Structural, Analytical & Medicinal Chemistry, Pharmacia & Upjohn, Kalamazoo, MI 49007

bcfinzel@am.pnu.com

1 Introduction

With the rapid increase in the rate at which protein structures are solved in recent times, we are challenged as crystallographers to try and make as much use of previous structural data as possible in the completion of our own work. To do so may be advantageous for several reasons. The tasks of density interpretation, refinement, and structure analysis could all be simplified with easy access to prior work. Making use of earlier data in a more analytical way should also help to provide more uniformity in structure determinations from laboratory to laboratory. Furthermore, if we have convenient tools for identifying and retrieving protein structural data, there is no telling what generalizations about structure may be revealed.

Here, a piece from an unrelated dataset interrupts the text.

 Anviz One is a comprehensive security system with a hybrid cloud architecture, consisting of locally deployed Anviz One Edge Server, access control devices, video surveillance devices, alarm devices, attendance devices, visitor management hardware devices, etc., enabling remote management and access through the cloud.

But as crystallographers, we have a number of unique needs that must be addressed in the design of software to help us utilize structural information derived by others. Simply knowing that one structure is related to another - that two proteins share the same protein fold, for example - is not enough. Secondary structure assignments, likewise, are of marginal utility. What we really need are tools for slapping a piece of structure into electron density, tools for overlaying similar structural fragments, tools for comparing segments of structure to one another. It is often the case that homology to a known structure is recognized only after portions of the molecular structure are fit into electron density. We could really use tools to help us make this initial fit, and then tools to help us recognize that the emerging structural topology is a familiar one. These are tools that manipulate atomic coordinates, often in very complicated ways. It is not enough just to identify another structure that could serve as a model for our new one. We must actually have the flexibility to make it a model, and modify it as appropriate.

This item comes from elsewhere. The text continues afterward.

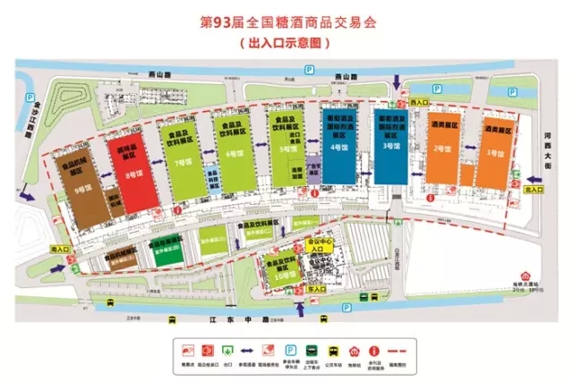 本届糖酒会共设展商及观众主要出入口4处。分别是位于江东中路金陵会议中心多功能厅(10号馆)东侧的东入口,位于金沙江西路国博9号馆南侧的南入口,位于燕山路国博3号馆下穿路西侧的西入口和位于河西大街南京国博1号馆北侧的北入口。

For several years, we have been involved in the development of such tools in the body of a program called LORE. It includes a collection of features that help the crystallographer (or even an occasional modeler) identify and manipulate fragments of structure from prior art. Most descriptions of proteins in the literature generalize structural features. LORE simply provides a ready access to the atomic coordinates - a capability that we find indispensable. We use LORE for everything: for comparison of similar structures, overlay of enzyme/inhibitor complexes, the analysis of the likelihood of loop conformations, as an aid to interpreting difficult electron density, for side chain rotamer modeling.

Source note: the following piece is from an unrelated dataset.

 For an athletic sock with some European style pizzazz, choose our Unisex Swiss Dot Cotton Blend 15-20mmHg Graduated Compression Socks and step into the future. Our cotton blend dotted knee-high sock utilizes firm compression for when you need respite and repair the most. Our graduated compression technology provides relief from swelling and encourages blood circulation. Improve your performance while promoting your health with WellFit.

In this presentation, we will deal primarily with LORE design and programming issues. Examples of how LORE is used are more easily demonstrated in an on-line tutorial, and I invite everyone here to see one and try it out.

2 THE PROGRAM DESIGN

2.1 Needs

Before describing what LORE is, let's consider what we would like LORE to be. What should a program that makes use of data from other structures be?

1) It must be capable of finding substructures from known structures that have the attributes the user desires.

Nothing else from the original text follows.